The following known operational issues relate to systems that QCIF or UQ RCC support.
QRIScloud NeCTAR issues:
- The QRIScloud availability zone (AZ) is typically full, and the ability to launch new instances is often curtailed. Users attempting to launch new instances in QRIScloud are likely to see a "No available host" error message. If you see this message, we recommend that you try to launch in a different AZ. If you need to launch in QRIScloud in order to access storage (for example) and are having difficulty, please contact QRIScloud Support.
- QRIScloud does not provide Volume Storage Backup. The Dashboard options for doing this will not work for volumes in the QRIScloud AZ.
Login / data transfer issues:
These issues apply the QRISdata Collection access services, Euramoo, Flashlite and Tinaroo:
- Each of these systems is accessed via an "haproxy" load balancer that balances the load across 2 or more login or data transfer nodes:
- The load balancers employ connection rate limiting. If there are too many simultaneous connections or connection attempts from the same system, connections can be closed abruptly with this message:
ssh_exchange_identification: read: Connection reset by peer
- The data transfer rate through the load balancers is limited by hardware.

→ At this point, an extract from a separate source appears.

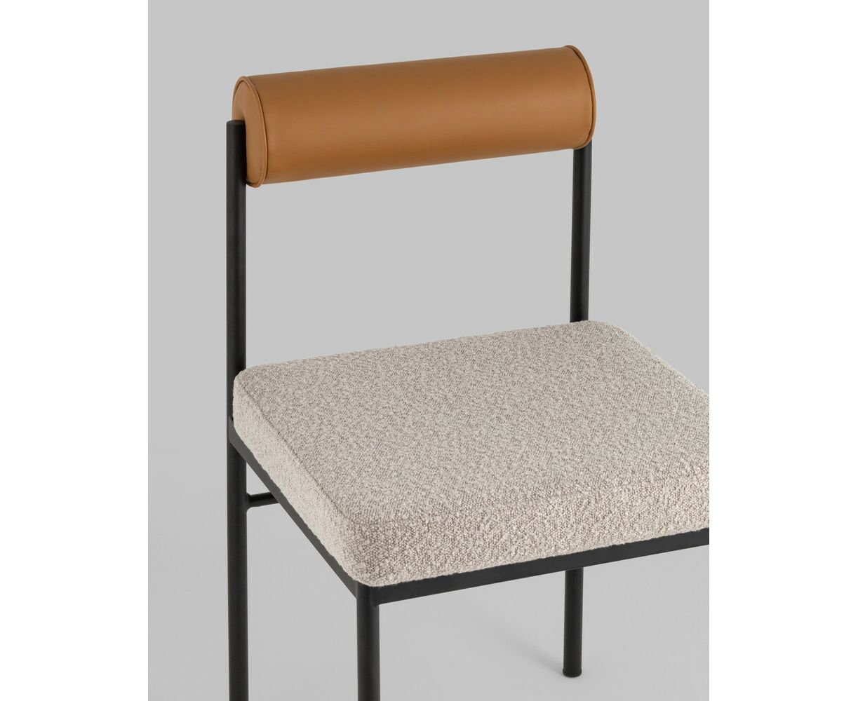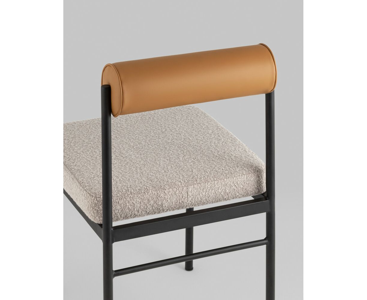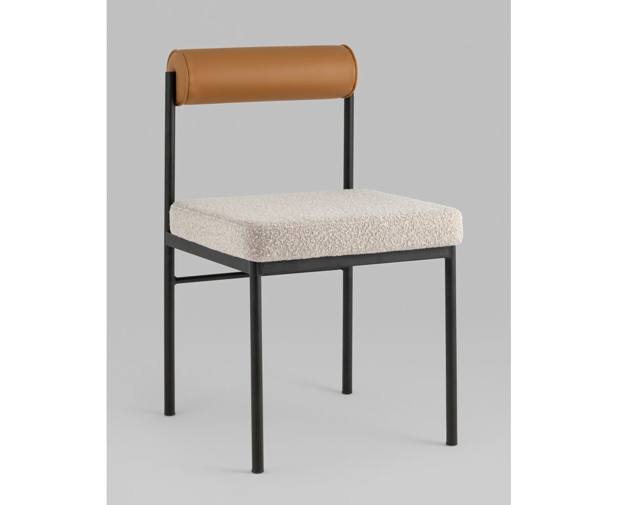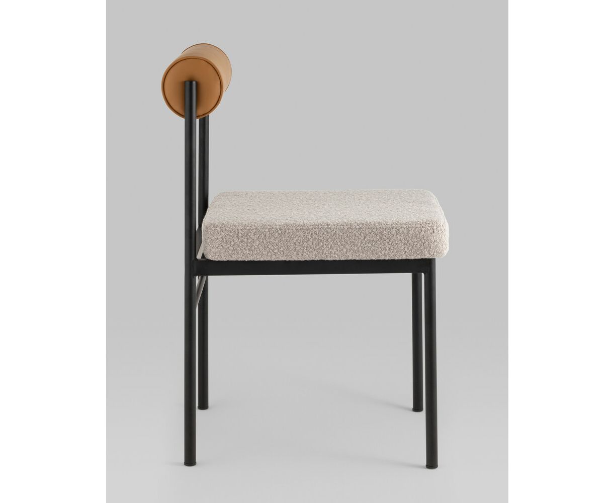 Стул обеденный Балла бежевый, сиденье ткань букле, спинка в форме валика экокожа

- For bulk data transfers, it is advisable to connect to the login nodes / data transfer nodes directly to avoid these problems. This can also be used as a work-around if you are experiencing problems with login sessions.
Service Load balancer Login / transfer nodes Data access data.qriscloud.org.au ssh1.qriscloud.org.au
Flashlite flashlite.rcc.uq.edu.au flashlite1.rcc.uq.edu.au
Tinaroo tinaroo.rcc.uq.edu.au tinaroo1.rcc.uq.edu.au
- After a small number (typically 3) of failed login attempts, further attempts at login will be refused, even if you get the account and password correct.
- This "banning" typically lasts for 10 minutes.
- If you use SSH keys to login, and your SSH clients offers multiple SSH keypairs, each "offer" that is not accepted is counted by "fail2ban" as a failed login attempt. If you have lots of keypairs in (for example) your "~/.ssh" directory, you can actually be banned before your SSH client offers the right keypair. The solution is to use the "-i" option to specify the key to be used.
- Aspera is no longer available for QRIScloud collections on the GPFS service.
- Aspera is due to be decommissioned for other types of collection at the end of 2017.
- PBS file stage-in and stage-out does not work, and is liable to CRASH the PBS system. Please do not attempt to use it.
- There is a bug in the way that the "qsub" command handles memory resource request. If you specify a "vmem" resource without a "mem" resource, the qsub filter is supposed to set "mem" to "vmem". In fact, this is not happening for interactive jobs, and "mem" is left at its default value ("1GB"). The workaround is to specify both "mem" and "vmem" for interactive jobs.
- Users are strongly discouraged from submitting jobs that compute directly against QRIScloud collections, or using collections for temporary or scratch storage. If a job needs to read or write files in a collection, they should be staged in or out at the beginning / end of the job, preferably as TAR or ZIP archives if there a lots of small files.
- Euramoo no longer exists:
- Euramoo users have been automatically granted an Awonga account.
- User home directories from Euramoo have been made available on Awoonga.
- For more information, please refer to the Euramoo transition document.
Please also refer to the RCC Active Incidents page for current Awoonga, Flashlite, Tinaroo & Barrine incidents.